Je hochai la tête en croyant comprendre, je pensais à mes bonnes relations avec Danielle. — Quand cette juste distance est trouvée entre deux personnes ou entre soi et les forces du monde – cela ne dure guère que quelques secondes à chaque fois — une émotion profonde survient, fulgurante et insaisissable, que tu vas chercher ensuite à retrouver par, ce qu'on appelle, la raison du cœur. Les hommes ont plutôt une pensée rationnelle qui se veut détachée des passions car ils ont été formés pour la chasse et la guerre. Mais leur éducation les coupe en général trop de leur émotions pour les rendre capable de vivre complètement dans la rigueur des relations.

L’image de John que je croyais pourtant doux et lumineux me traversa l’esprit.

— Marie-Rose vit – Bénédicte Orvières se reprit — vivait de manière permanente dans ce lieu qu'est le Cabazor et elle avait aussi une très vieille faille personnelle, une profonde blessure intérieure.

— Elle aimait le cœur inversé de J,ésus c’est bien ça ? mandais-je pour essayer d’y comprendre quelque chose.

— Ça, ça n’est que l’apparence des choses, si tu en restes là, tu ne comprends rien.

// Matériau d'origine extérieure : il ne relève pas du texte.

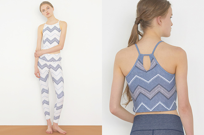 定番のミニマルなデザインにオリジナルTriangle printをのせたショートトップスです。同素材のレギンスは、7分丈とフルレングスからお選びいただけます。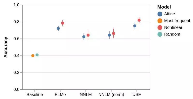 在这里,有很多有趣的观察等待我们去做。首先,在基线之上的任何嵌入的模型都有很大的改进。因此,正如所预期的那样,嵌入这个词捕获了可以用来推导推文情绪的信息。其次,转向 NNLM 嵌入,使用非线性模型似乎并没有什么改进。这很有趣,因为它表明了嵌入空间足够简单,仿射模型能够使用嵌入中所有可用的情绪信息。这与最新的嵌入方法 ELMo 和 USE 形成了对比。在 ELMo 和 USE 中,我们确实观察到在非线性模型的使用情况有所改善,这表明这些模型学习的嵌入空间更加复杂。对于 NNLM,归一化向量确实比非归一化向量有更好的表现趋势,但是在我们的实验中,效果并不显著。最后,虽然 ELMo 和 USE 都包含比 NNLM 嵌入更多的信息,但它们在这些实验中的表现却非常相似。USE 似乎通常包含比 ELMo 略多的信息,但也并没有多多少。然而,这仍然很有趣,因为 USE 嵌入空间的维数比 ELMo 空间要低得多,因此,模型训练速度要快得多。

Marie- Rose a beaucoup lutté contre elle-même. Elle s’est beaucoup perditionnée et a beaucoup blessé autour d’elle, c’est pourquoi nous l’avons laissé seule. Elle cherchait chez l’autre une résistance suffisante pour créer cet espace sans fusionner. Tu n’as point besoin de J,ésus pour parler de cela, ce n’est point une question de nom propre. Dès lors que tu mets un nom propre, tu crées un être fantasmé. La question est celle du vide entre deux personnes que tu peux faire exister.

— Je ne suis point certaine de comprendre.

— Quand tu touches à ce Cabazor, cet espace merveilleux, pendant les quelques secondes que cela dure, un sentiment de plénitude survient, qui veut simplement dire que la mort est vaincue comme fin vaine d’une vie, non seulement la mort mais aussi, ce qui est presque pire, l’absence de limites temporelles et spatiales de l’univers.

— Je croyais que Dieu avait créé l’univers en quelques jours ?

— Oui, mais il y a probablement plusieurs univers, des multivers, elle dit cela d’un ton profond comme si elle avait accès à des connaissances que tout le monde ignorait.

— Vous voulez parler d’une transe mystique de fusion avec D.ieu ?

— Il ne faut point employer ce terme de D.ieu qui égare car, devenu nom propre, on en fait un être mythologique portant une barbe et décidant des orages.

— Qu’est-ce qu’il faut dire alors ?

— Médite seulement à l’intervalle entre les personnes ou entre toi et l’homme qui est en toi, certains – très rares — y ont accès par le pur amour. Par forme d’exemple, Mme de Guyon a connu cet état avec l’abbé de Foix qui l’a suivie partout.

— Je connais le parcours de Mme de Guyon qui donne beaucoup à songer, mais la fin de sa vie, recluse dans une sorte de prison, fut plutôt triste. Il faut donc que je médite sur un espace vide ?

— Vide oui, mais potentiellement vivant entre deux personnes ou au-dedans de toi dans la plus grande précision. Tu n’es bien sûr pour rien dans le décès de Marie-Rose et tu ne dois point en parler pour ne pas porter atteinte à l’expansion inévitable et discrète de la dévotion du Cabazor. Elle a probablement connu un épisode de mélancolie absolue, le trou noir qui conduit en quelques secondes à mettre fin à sa vie. Le lien permanent qu’elle avait su créer en elle s’est rompu et elle n’a pu retrouvé son chemin. J’ai déjà observé ce phénomène chez d’autres religieuses.

Cette conversation énigmatique eut au moins le mérite de me détourner de l’état de sidération dans lequel j’étais depuis que j’avais trouvé le corps de Marie-Rose. J’aurais bien aimé une explication plus concrète de la mort de Marie-Rose et aussi qu’il lui soit fait justice si jamais son désespoir était venu des injustices qu’elle avait subies.

Bénédicte Orvières me laissa dormir sur une banquette. Aux aurores, elle me réveilla et me conduisit aux écuries où se trouvait déjà le père la Colombière. Sans un mot, elle me fit monter dans la voiture. Avant que je ne le réalise, nous étions de nouveau sur les routes.